## Excerpted data
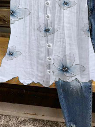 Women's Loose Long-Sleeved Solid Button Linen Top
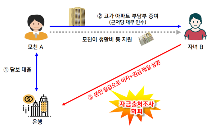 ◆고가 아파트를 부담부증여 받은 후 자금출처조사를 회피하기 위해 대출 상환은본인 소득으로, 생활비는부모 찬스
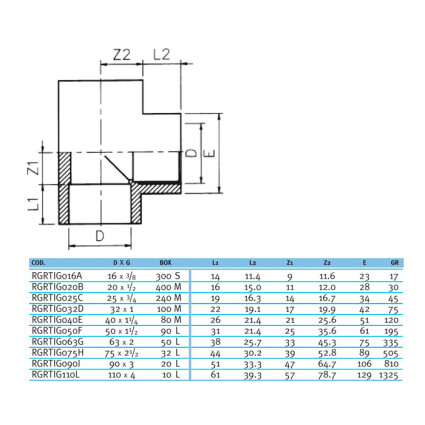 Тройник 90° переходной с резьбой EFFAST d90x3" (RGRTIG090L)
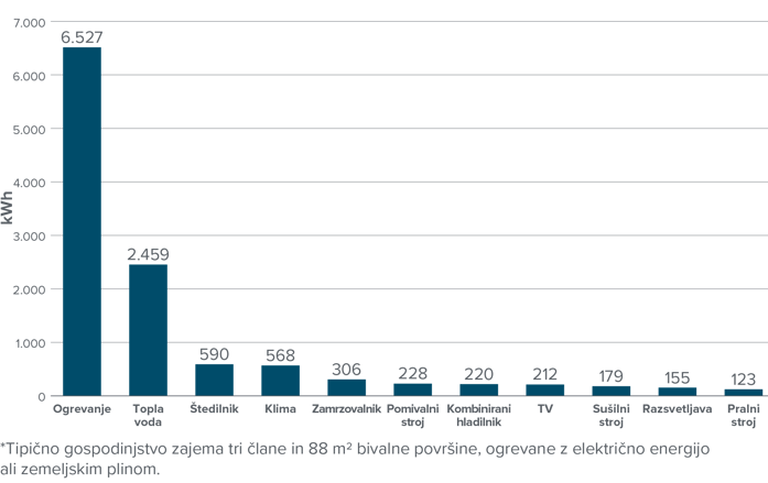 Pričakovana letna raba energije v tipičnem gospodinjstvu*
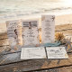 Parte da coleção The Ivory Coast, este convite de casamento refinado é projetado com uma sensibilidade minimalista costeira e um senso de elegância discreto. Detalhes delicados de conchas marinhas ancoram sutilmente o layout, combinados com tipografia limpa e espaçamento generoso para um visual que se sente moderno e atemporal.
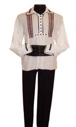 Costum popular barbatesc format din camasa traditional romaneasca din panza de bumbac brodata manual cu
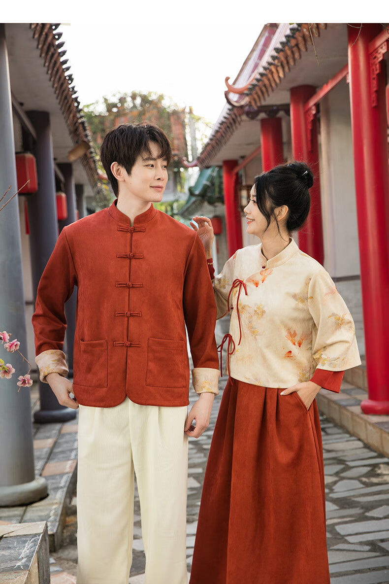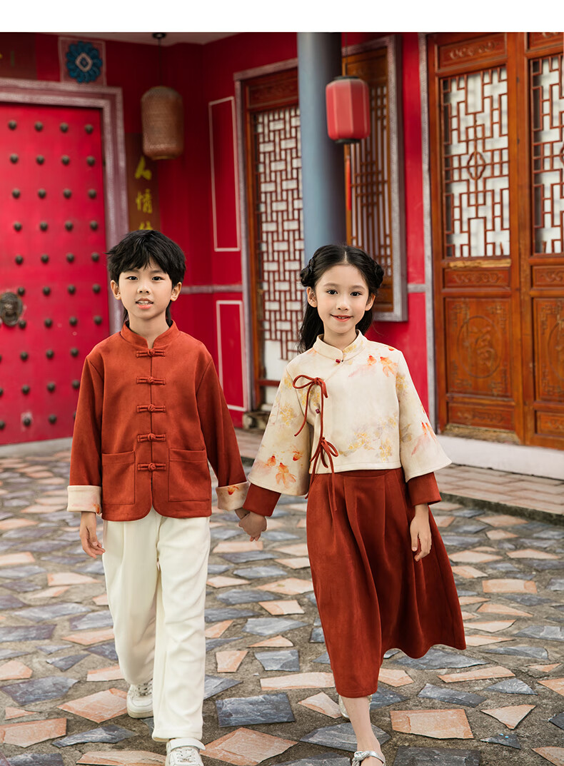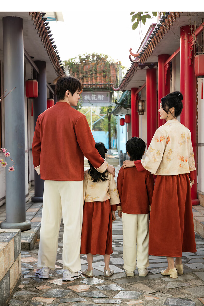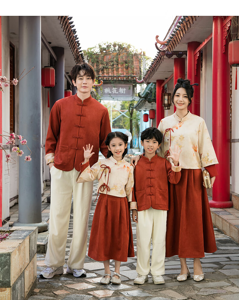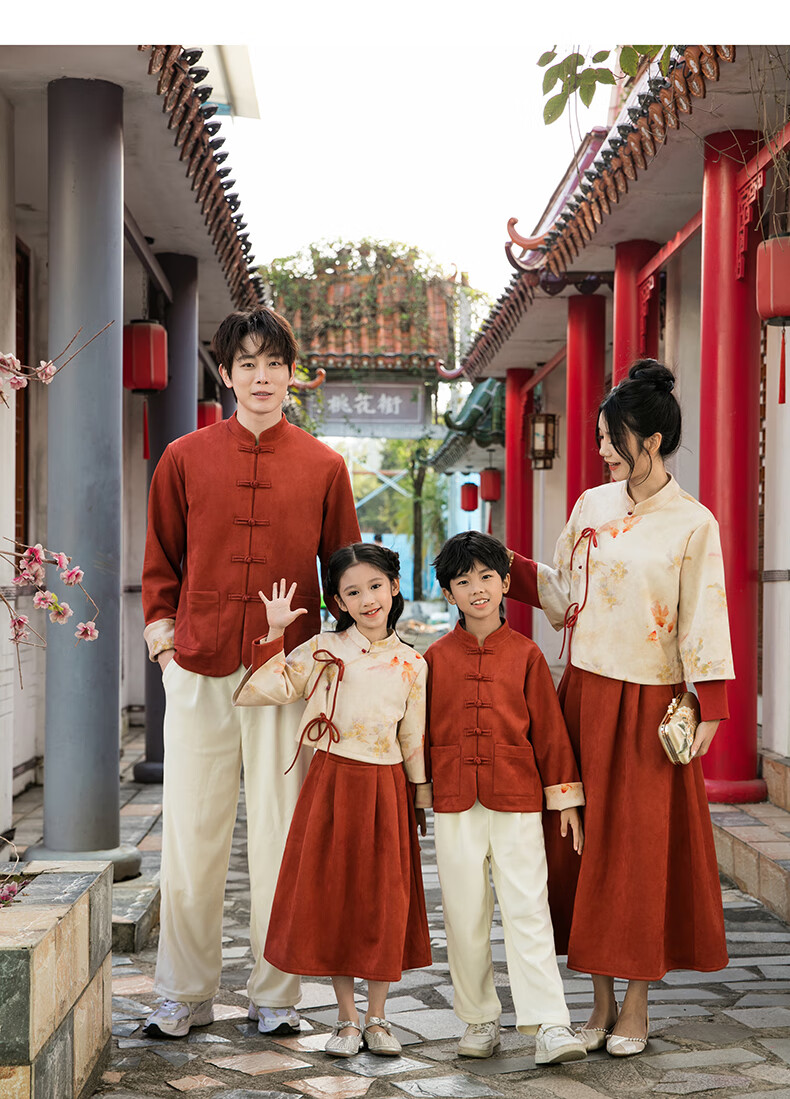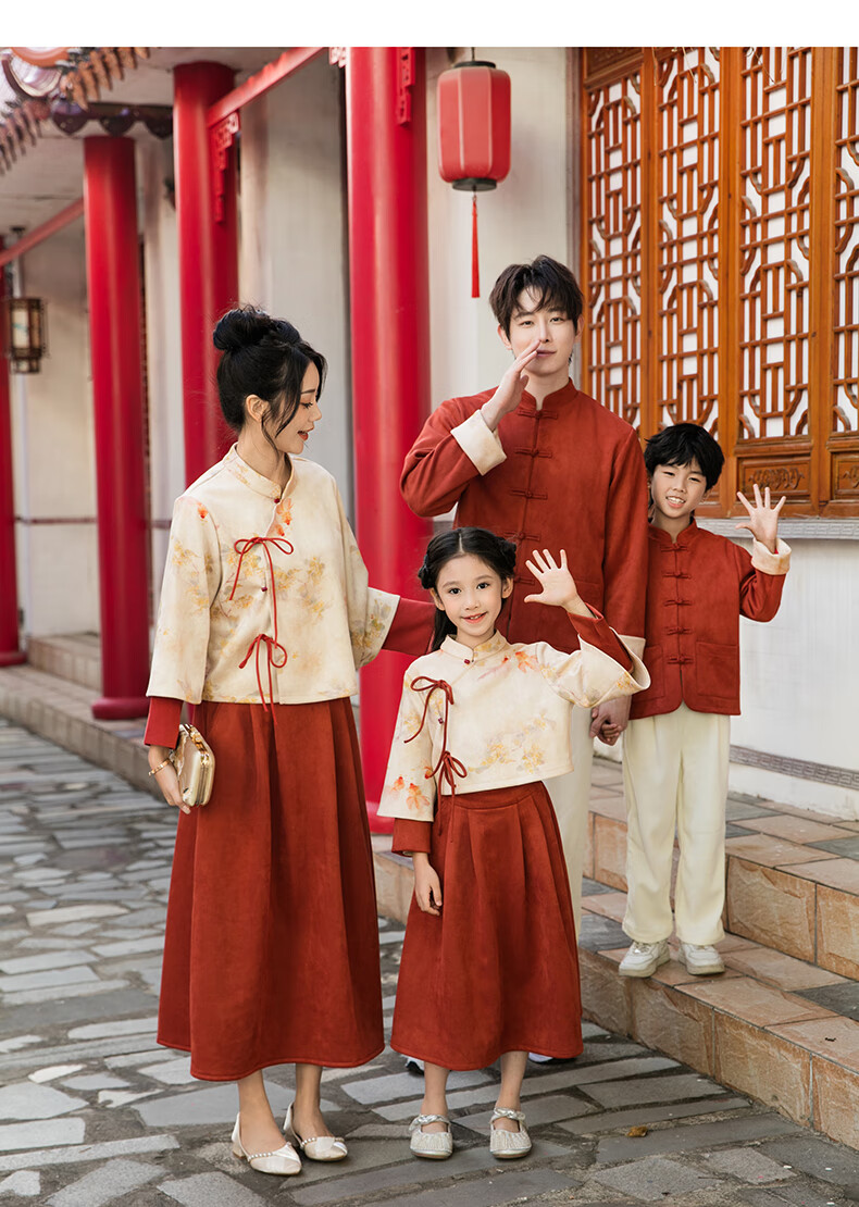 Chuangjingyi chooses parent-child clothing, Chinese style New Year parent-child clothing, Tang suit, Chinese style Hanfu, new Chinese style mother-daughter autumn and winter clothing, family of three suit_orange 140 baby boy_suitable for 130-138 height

...

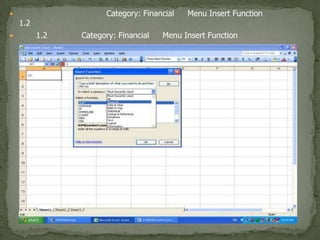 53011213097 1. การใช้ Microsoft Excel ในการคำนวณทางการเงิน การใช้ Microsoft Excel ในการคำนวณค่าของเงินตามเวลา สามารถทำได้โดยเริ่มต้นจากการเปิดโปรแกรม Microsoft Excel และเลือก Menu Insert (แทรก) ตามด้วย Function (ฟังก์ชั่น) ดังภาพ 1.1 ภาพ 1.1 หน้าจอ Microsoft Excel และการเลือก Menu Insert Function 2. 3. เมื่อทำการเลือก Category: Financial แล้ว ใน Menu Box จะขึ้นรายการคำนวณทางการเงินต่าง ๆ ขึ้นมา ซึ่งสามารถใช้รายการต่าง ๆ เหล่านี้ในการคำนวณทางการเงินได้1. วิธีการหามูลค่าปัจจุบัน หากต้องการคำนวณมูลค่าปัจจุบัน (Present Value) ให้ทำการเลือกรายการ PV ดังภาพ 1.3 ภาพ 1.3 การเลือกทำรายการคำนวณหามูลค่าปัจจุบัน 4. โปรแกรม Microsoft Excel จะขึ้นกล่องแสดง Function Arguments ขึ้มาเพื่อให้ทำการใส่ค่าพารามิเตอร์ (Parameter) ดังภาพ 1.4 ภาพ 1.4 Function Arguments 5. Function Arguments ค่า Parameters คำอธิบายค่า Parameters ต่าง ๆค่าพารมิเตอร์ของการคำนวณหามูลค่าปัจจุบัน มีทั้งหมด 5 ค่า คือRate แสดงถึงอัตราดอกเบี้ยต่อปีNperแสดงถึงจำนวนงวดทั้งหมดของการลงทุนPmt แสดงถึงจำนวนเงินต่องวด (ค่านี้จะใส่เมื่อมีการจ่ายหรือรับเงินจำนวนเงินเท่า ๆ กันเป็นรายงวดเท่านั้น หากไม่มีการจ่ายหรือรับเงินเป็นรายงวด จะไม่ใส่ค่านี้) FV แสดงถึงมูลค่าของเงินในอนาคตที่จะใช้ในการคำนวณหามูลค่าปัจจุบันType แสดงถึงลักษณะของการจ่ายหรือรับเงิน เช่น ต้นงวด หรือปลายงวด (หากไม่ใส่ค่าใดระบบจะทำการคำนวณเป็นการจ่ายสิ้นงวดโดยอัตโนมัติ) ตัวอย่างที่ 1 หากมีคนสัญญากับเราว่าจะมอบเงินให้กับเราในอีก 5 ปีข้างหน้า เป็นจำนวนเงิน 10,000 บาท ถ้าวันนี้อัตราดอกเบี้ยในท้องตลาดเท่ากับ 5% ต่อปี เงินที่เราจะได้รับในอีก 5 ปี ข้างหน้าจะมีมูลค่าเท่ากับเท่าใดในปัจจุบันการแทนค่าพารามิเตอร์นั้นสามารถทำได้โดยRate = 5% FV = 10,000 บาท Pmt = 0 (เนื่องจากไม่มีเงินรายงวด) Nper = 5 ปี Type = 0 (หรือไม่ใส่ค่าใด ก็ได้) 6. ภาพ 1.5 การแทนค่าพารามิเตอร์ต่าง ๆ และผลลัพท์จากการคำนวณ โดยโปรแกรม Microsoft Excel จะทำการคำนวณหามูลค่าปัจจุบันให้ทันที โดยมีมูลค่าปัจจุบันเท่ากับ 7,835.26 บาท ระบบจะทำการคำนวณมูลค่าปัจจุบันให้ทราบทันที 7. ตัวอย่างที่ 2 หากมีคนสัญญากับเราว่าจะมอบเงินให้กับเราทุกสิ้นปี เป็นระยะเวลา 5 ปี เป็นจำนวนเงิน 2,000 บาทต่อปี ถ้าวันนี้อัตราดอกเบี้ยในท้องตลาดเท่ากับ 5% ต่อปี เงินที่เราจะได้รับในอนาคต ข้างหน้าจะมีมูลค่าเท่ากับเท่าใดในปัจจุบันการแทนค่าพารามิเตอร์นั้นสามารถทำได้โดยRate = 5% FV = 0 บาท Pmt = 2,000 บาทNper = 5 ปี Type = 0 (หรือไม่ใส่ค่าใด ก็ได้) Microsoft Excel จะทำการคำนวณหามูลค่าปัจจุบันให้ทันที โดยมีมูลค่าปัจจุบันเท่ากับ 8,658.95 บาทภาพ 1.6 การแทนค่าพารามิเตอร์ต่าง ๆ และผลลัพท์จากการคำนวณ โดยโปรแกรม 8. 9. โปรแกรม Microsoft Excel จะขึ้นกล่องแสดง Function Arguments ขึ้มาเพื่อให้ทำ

...

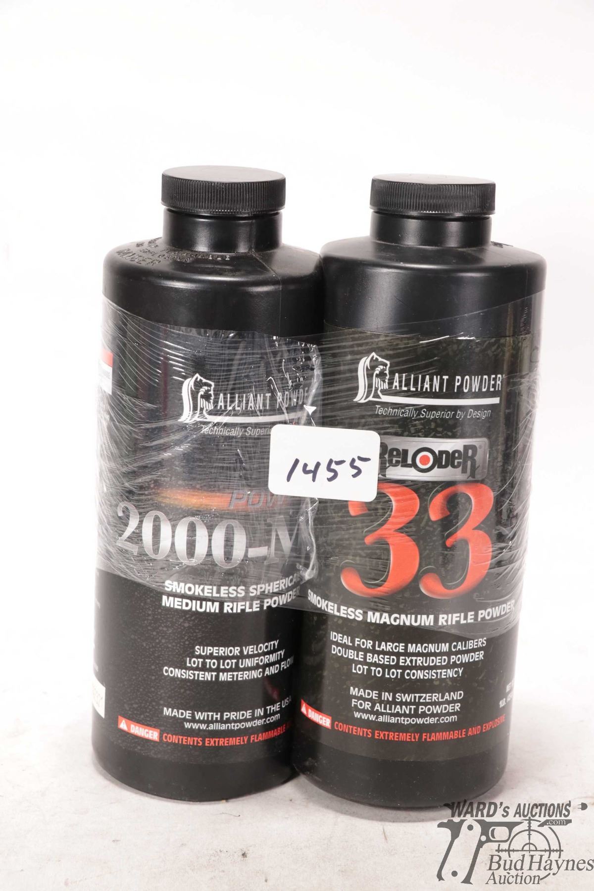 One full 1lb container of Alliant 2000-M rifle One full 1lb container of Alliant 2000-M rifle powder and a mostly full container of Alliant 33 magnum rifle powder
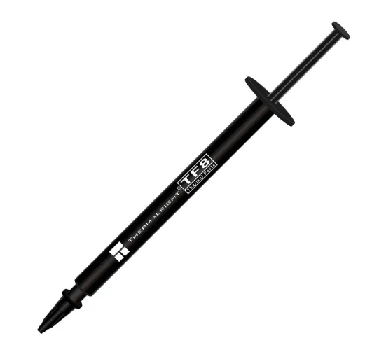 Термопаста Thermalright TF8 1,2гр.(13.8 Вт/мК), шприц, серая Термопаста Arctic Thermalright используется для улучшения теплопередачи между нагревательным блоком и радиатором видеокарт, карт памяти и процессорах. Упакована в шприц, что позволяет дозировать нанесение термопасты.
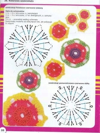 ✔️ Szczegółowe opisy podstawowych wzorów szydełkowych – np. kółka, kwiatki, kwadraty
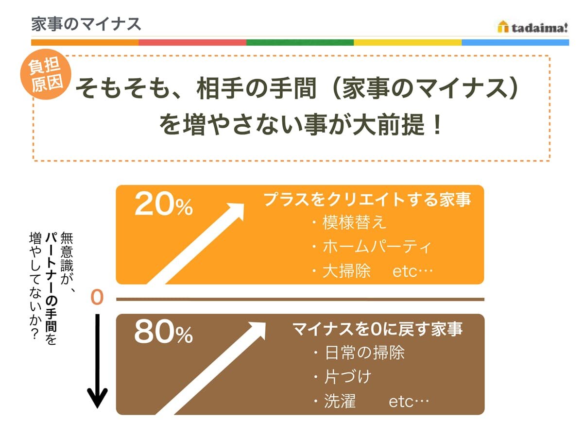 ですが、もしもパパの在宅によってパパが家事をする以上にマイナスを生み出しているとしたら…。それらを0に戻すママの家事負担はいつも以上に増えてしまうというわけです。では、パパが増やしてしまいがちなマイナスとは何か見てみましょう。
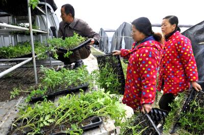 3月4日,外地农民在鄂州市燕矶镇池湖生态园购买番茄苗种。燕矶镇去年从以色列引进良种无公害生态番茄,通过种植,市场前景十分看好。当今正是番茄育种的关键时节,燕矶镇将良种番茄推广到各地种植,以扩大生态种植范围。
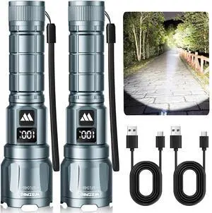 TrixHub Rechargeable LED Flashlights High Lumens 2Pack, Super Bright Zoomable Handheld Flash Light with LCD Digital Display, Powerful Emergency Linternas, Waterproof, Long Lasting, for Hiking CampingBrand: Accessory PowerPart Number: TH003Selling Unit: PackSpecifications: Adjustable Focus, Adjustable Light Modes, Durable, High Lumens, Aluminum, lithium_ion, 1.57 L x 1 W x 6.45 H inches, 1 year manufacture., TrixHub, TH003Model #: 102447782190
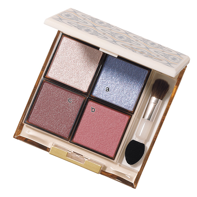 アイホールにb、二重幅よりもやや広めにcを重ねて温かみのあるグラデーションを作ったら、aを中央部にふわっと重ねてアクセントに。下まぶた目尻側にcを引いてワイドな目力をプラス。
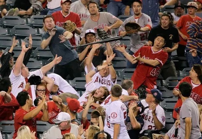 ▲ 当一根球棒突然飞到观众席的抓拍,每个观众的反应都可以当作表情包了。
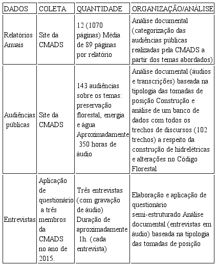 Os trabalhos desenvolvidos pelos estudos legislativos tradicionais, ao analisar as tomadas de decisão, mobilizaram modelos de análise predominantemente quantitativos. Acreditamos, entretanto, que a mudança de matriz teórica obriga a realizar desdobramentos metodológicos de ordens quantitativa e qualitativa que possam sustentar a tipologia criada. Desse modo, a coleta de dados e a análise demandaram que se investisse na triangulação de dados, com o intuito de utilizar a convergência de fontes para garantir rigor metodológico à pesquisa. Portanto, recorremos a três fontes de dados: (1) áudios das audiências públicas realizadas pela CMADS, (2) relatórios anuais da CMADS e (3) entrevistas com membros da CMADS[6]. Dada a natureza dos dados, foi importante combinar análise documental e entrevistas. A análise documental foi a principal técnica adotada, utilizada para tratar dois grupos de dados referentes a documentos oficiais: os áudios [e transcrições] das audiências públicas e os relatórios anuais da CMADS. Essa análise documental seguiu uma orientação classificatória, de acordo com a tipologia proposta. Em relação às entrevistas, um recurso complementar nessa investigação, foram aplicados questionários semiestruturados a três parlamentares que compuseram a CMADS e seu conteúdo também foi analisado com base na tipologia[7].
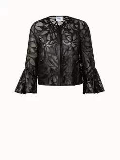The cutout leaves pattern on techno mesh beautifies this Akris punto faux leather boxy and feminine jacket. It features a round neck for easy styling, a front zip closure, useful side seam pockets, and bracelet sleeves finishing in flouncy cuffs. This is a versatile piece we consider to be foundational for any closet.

## Work request
Using the data above, transcribe exactly the lines between those containing "소득으로, 생활비는부모 찬스" and "Chuangjingyi chooses parent-child", inclusive, and leave every picture behind.

## Completed task
 ◆고가 아파트를 부담부증여 받은 후 자금출처조사를 회피하기 위해 대출 상환은본인 소득으로, 생활비는부모 찬스
 Тройник 90° переходной с резьбой EFFAST d90x3" (RGRTIG090L)
 Pričakovana letna raba energije v tipičnem gospodinjstvu*
 Parte da coleção The Ivory Coast, este convite de casamento refinado é projetado com uma sensibilidade minimalista costeira e um senso de elegância discreto. Detalhes delicados de conchas marinhas ancoram sutilmente o layout, combinados com tipografia limpa e espaçamento generoso para um visual que se sente moderno e atemporal.
 Costum popular barbatesc format din camasa traditional romaneasca din panza de bumbac brodata manual cu
 Chuangjingyi chooses parent-child clothing, Chinese style New Year parent-child clothing, Tang suit, Chinese style Hanfu, new Chinese style mother-daughter autumn and winter clothing, family of three suit_orange 140 baby boy_suitable for 130-138 height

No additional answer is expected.